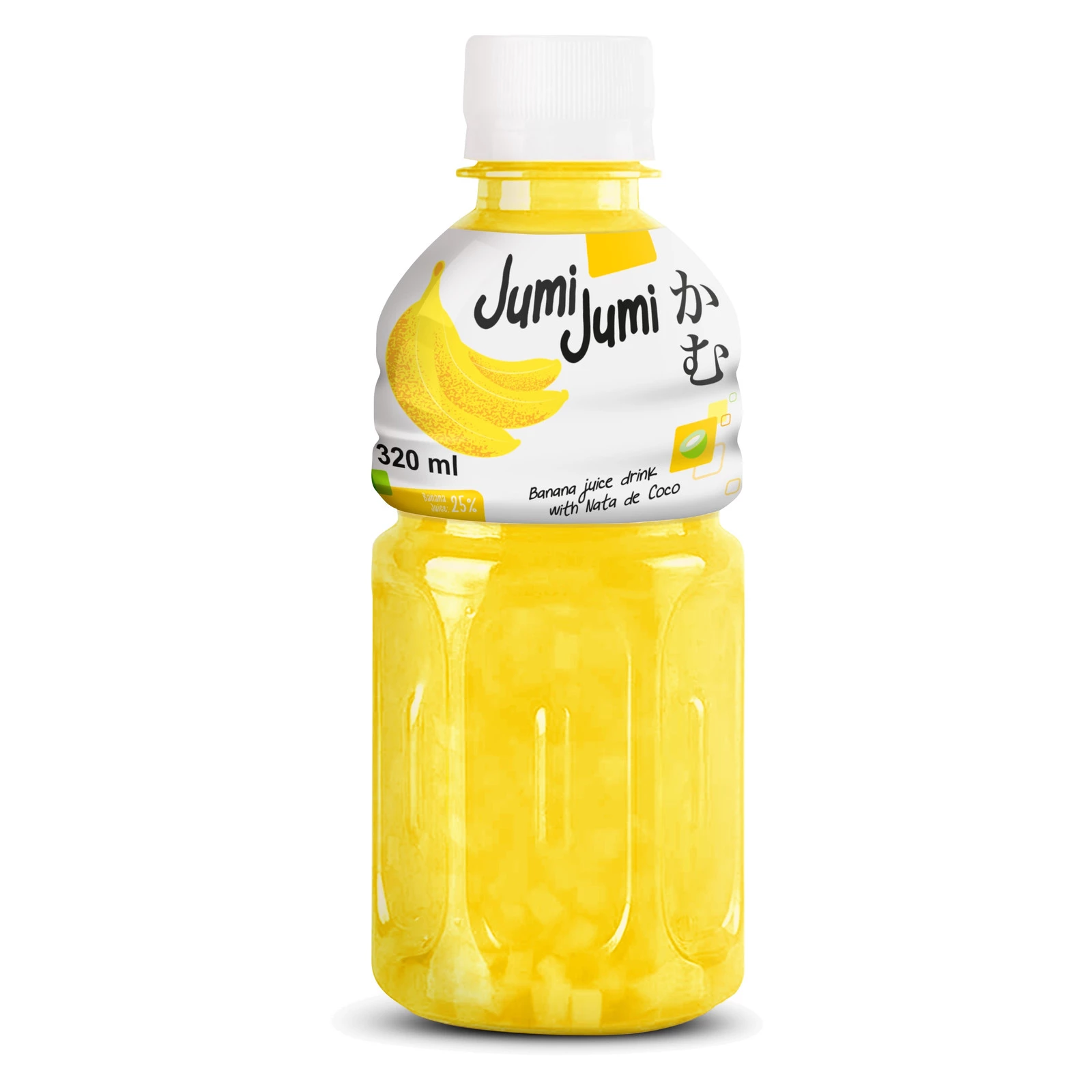 - Jumi Jumi Banan to orzeźwiający napój, który łączy w sobie intensywny smak bananów z przyjemnie żującą galaretką kokosową nata de coco. To idealna propozycja na egzotyczną przerwę w ciągu dnia, stworzona z myślą o miłośnikach niebanalnych smaków.
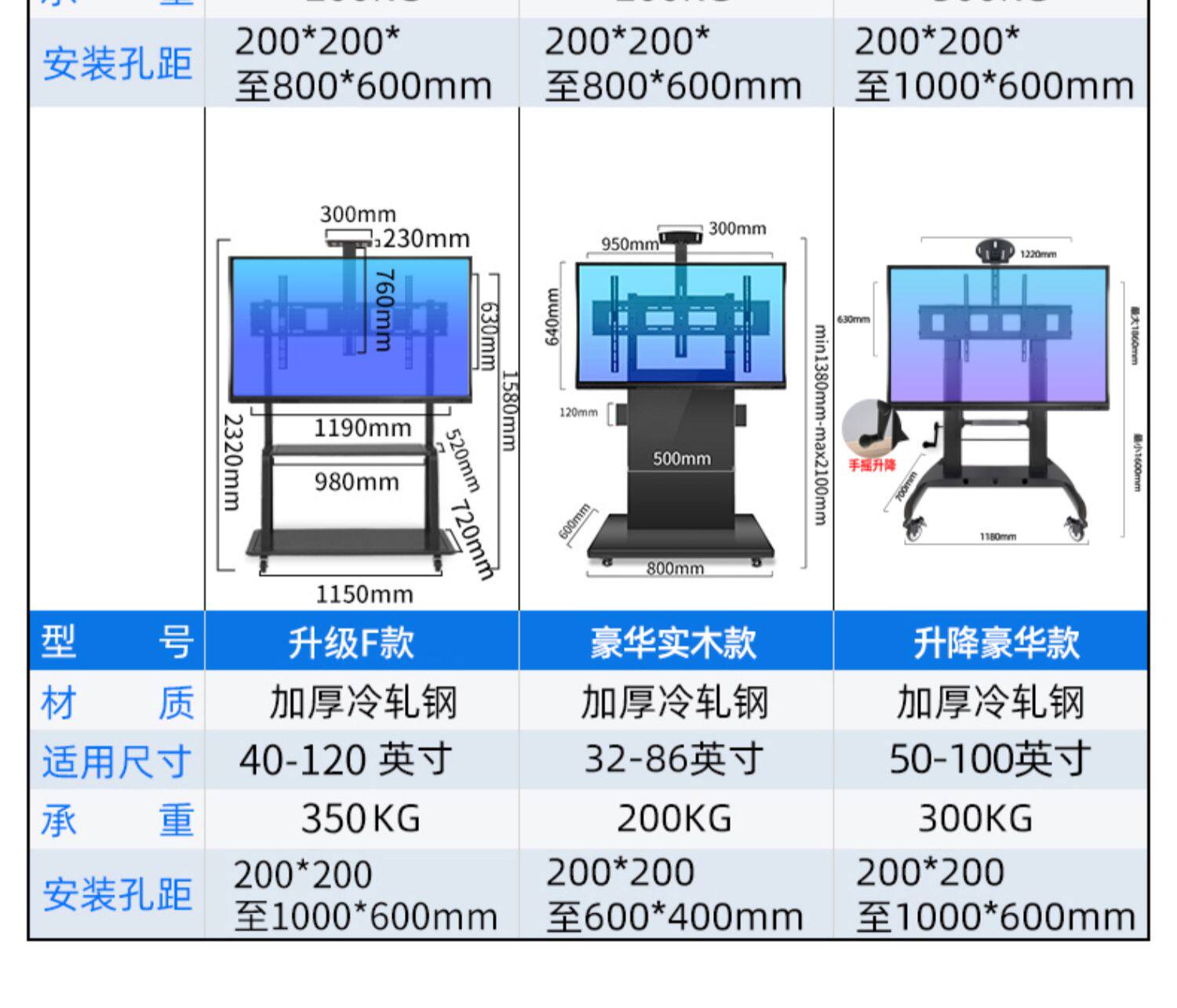 Цвет: 【Практическое издание】 32-75-дюймовое интегрированное основание сгущенное и утолщенное, несущее нагрузку около 130 кг, 【Deluxe Edition】 32-75 дюймов плюс поддоны, нагрузка примерно 150 кг, 【Стандартное издание】 55-95-дюймовый простая конструкция не занимает ни одной земли, носит около 155 кг, 【Integrated Standard Deluxe Edition】 40-95 дюймов с перетаскиванием диска, нагрузки около 200 кг, 【Ultravel Edition】 55-100 дюймов Супер экономическая эффективность, несущая нагрузка около 220 кг, 【Усовершенствованная версия】 52-100 дюймов плюс поддона., 【Enhanced Edition】 55-110-дюймовый большой экран Специальное супер-нагрузочное несущее около 300 кг, 【Supreme Edition】 55-120 дюймов для женщин плюс поднос, несущая нагрузка около 330 кг, 【Сплошная деревянная пластина】 32-70 дюймов Столечная деревянная колонна плюс перетаскивание нагрузки на груз 120 кг, 【Сплошная деревянная тарелка】 40-86 дюйма с твердым деревянным столбцом плюс перетаскивание нагрузки на нагрузку 150 кг, 【Сплошная деревянная тарелка】 55-120 дюймов с твердым деревянным столбцом плюс перетаскивание нагрузки на груз 200 кг, 【Версия для ручной работы】 40-110 дюймов Ручной подъемник и подтягивание 200 кг
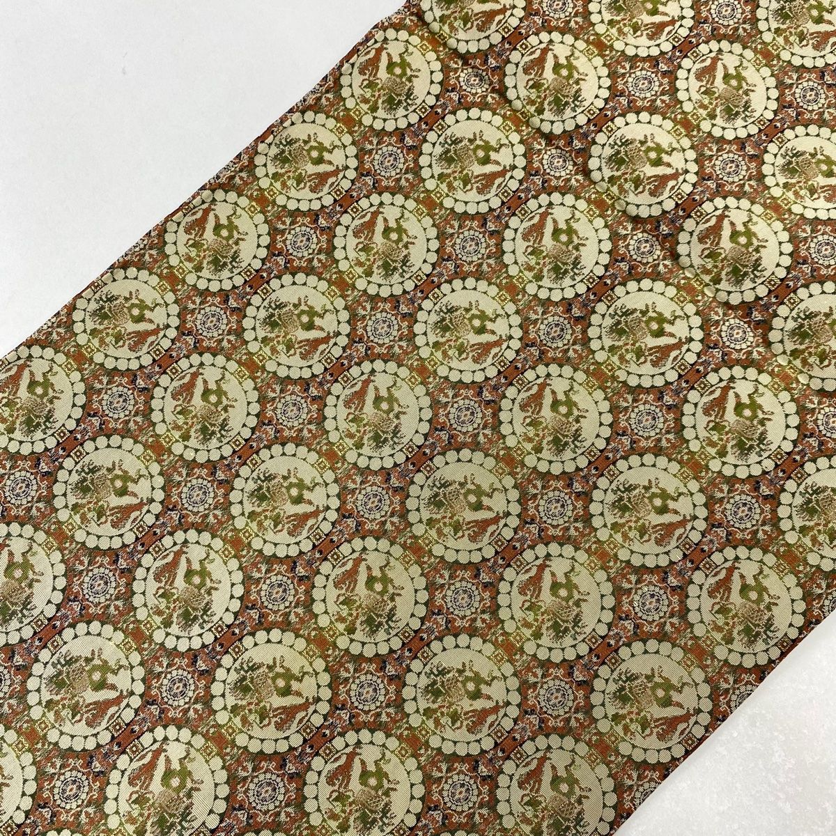 開き名古屋帯 龍村美術織物 比翼仕立て 獅子狩文錦 赤茶 正絹 GLOBALQUALITYIMPORTS_COM
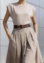 Κομψό maxi φόρεμα Doppio σε μπεζ απόχρωση με διπλή κατασκευή υφάσματος, σχεδιασμένο για άνεση στο επάνω μέρος και σταθερή δομή στη φούστα. Το ελαστικό επάνω μέρος εφαρμόζει άψογα στο σώμα προσφέροντας ελευθερία κίνησης και άνεση καθ’ όλη τη διάρκεια της ημέρας, ενώ το σταθερό ύφασμα στο κάτω μέρος χαρίζει κομψή πτώση και επαγγελματικό αποτέλεσμα στη σιλουέτα. Οι δομημένοι ώμοι ενισχύουν το μοντέρνο χαρακτήρα του φορέματος, ενώ η ζώνη στη μέση αναδεικνύει τη γραμμή της μέσης και δημιουργεί ισορροπημένο, δυναμικό look. Ιδανικό για business εμφανίσεις, city chic styling και after-office εξόδους.
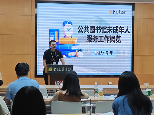 最后,金陵图书馆少儿工作部副主任周军讲述了公共图书馆在少儿阅读推广中的重要作用及具体实践。从未成年人服务对象的心理特点与需求分析、公共图书馆未成年人服务、公共图书馆未成年人服务策略、馆员自身专业性发展等多方面,为新进馆员们提供了丰富的少儿服务策略与方法。
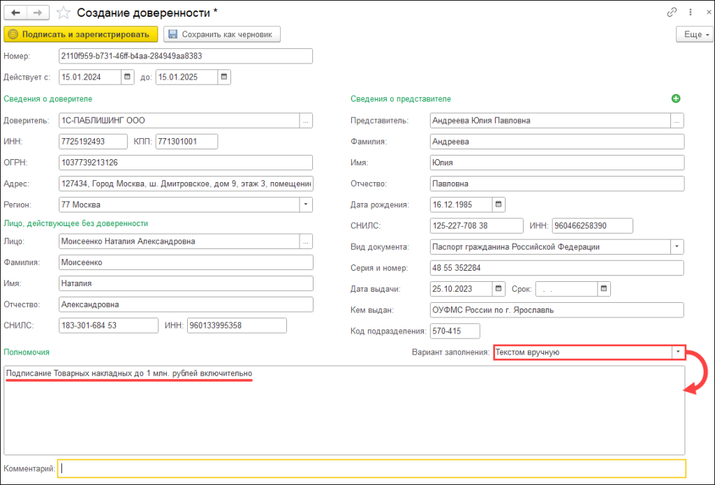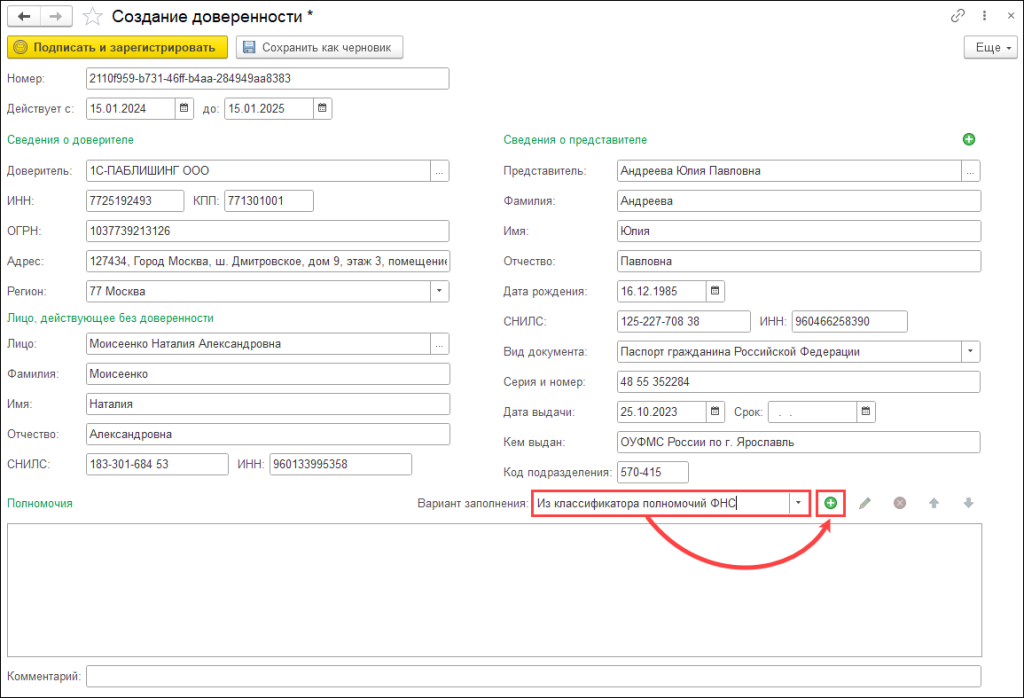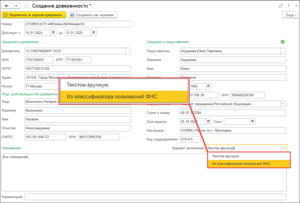 В программе есть 2 варианта заполнения полномочий – Текстом вручную и Из классификатора полномочий ФНС.
———
* [Problem to work on]
With images omitted, retype the data word for word.

* [Solution to this task]
 - Jumi Jumi Banan to orzeźwiający napój, który łączy w sobie intensywny smak bananów z przyjemnie żującą galaretką kokosową nata de coco. To idealna propozycja na egzotyczną przerwę w ciągu dnia, stworzona z myślą o miłośnikach niebanalnych smaków.
 Цвет: 【Практическое издание】 32-75-дюймовое интегрированное основание сгущенное и утолщенное, несущее нагрузку около 130 кг, 【Deluxe Edition】 32-75 дюймов плюс поддоны, нагрузка примерно 150 кг, 【Стандартное издание】 55-95-дюймовый простая конструкция не занимает ни одной земли, носит около 155 кг, 【Integrated Standard Deluxe Edition】 40-95 дюймов с перетаскиванием диска, нагрузки около 200 кг, 【Ultravel Edition】 55-100 дюймов Супер экономическая эффективность, несущая нагрузка около 220 кг, 【Усовершенствованная версия】 52-100 дюймов плюс поддона., 【Enhanced Edition】 55-110-дюймовый большой экран Специальное супер-нагрузочное несущее около 300 кг, 【Supreme Edition】 55-120 дюймов для женщин плюс поднос, несущая нагрузка около 330 кг, 【Сплошная деревянная пластина】 32-70 дюймов Столечная деревянная колонна плюс перетаскивание нагрузки на груз 120 кг, 【Сплошная деревянная тарелка】 40-86 дюйма с твердым деревянным столбцом плюс перетаскивание нагрузки на нагрузку 150 кг, 【Сплошная деревянная тарелка】 55-120 дюймов с твердым деревянным столбцом плюс перетаскивание нагрузки на груз 200 кг, 【Версия для ручной работы】 40-110 дюймов Ручной подъемник и подтягивание 200 кг
 開き名古屋帯 龍村美術織物 比翼仕立て 獅子狩文錦 赤茶 正絹 GLOBALQUALITYIMPORTS_COM
 Κομψό maxi φόρεμα Doppio σε μπεζ απόχρωση με διπλή κατασκευή υφάσματος, σχεδιασμένο για άνεση στο επάνω μέρος και σταθερή δομή στη φούστα. Το ελαστικό επάνω μέρος εφαρμόζει άψογα στο σώμα προσφέροντας ελευθερία κίνησης και άνεση καθ’ όλη τη διάρκεια της ημέρας, ενώ το σταθερό ύφασμα στο κάτω μέρος χαρίζει κομψή πτώση και επαγγελματικό αποτέλεσμα στη σιλουέτα. Οι δομημένοι ώμοι ενισχύουν το μοντέρνο χαρακτήρα του φορέματος, ενώ η ζώνη στη μέση αναδεικνύει τη γραμμή της μέσης και δημιουργεί ισορροπημένο, δυναμικό look. Ιδανικό για business εμφανίσεις, city chic styling και after-office εξόδους.
 最后,金陵图书馆少儿工作部副主任周军讲述了公共图书馆在少儿阅读推广中的重要作用及具体实践。从未成年人服务对象的心理特点与需求分析、公共图书馆未成年人服务、公共图书馆未成年人服务策略、馆员自身专业性发展等多方面,为新进馆员们提供了丰富的少儿服务策略与方法。
 В программе есть 2 варианта заполнения полномочий – Текстом вручную и Из классификатора полномочий ФНС.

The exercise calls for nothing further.